------ Data ------
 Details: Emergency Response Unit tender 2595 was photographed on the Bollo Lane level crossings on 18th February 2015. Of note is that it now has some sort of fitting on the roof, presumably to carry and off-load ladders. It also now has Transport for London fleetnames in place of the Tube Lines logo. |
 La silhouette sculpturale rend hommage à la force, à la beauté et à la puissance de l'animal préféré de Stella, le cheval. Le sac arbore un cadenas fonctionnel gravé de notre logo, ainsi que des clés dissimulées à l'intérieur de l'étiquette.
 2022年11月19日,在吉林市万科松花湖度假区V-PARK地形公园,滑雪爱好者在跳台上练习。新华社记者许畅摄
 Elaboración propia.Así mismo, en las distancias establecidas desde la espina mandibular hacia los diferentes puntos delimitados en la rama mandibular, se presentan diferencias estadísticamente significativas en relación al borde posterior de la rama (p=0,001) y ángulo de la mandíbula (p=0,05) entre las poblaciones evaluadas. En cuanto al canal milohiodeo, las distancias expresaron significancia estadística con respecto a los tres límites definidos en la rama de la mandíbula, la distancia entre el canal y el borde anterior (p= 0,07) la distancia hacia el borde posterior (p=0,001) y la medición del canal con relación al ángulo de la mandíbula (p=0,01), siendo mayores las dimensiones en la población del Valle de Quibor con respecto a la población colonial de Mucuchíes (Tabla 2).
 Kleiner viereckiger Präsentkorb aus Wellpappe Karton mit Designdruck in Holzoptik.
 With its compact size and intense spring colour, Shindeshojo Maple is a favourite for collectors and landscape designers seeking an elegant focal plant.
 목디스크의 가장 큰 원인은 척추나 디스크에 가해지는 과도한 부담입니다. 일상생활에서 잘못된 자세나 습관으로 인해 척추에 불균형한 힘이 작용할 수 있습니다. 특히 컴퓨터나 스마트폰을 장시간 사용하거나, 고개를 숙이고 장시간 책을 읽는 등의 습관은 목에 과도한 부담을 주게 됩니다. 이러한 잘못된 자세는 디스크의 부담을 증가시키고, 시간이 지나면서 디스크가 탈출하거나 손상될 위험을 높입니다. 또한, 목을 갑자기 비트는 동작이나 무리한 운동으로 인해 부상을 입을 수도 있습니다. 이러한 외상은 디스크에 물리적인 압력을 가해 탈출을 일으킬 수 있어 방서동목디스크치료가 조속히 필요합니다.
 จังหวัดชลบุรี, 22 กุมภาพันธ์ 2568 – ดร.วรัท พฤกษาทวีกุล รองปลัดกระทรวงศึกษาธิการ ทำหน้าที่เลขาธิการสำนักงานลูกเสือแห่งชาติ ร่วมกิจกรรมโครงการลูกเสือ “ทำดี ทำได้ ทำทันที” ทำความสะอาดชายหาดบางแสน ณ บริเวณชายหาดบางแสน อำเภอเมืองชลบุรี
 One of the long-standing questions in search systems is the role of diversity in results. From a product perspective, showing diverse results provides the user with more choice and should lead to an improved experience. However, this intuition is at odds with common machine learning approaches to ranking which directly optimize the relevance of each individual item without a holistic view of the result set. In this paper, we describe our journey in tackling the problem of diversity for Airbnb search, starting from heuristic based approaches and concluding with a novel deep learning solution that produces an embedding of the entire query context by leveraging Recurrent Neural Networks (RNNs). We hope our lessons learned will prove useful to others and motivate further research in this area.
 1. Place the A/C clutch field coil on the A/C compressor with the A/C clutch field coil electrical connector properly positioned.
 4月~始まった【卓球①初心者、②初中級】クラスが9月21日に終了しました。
------
Only the lines from the one with "1. Place the" through the final line above should be repeated, each exactly as written.

 1. Place the A/C clutch field coil on the A/C compressor with the A/C clutch field coil electrical connector properly positioned.
 4月~始まった【卓球①初心者、②初中級】クラスが9月21日に終了しました。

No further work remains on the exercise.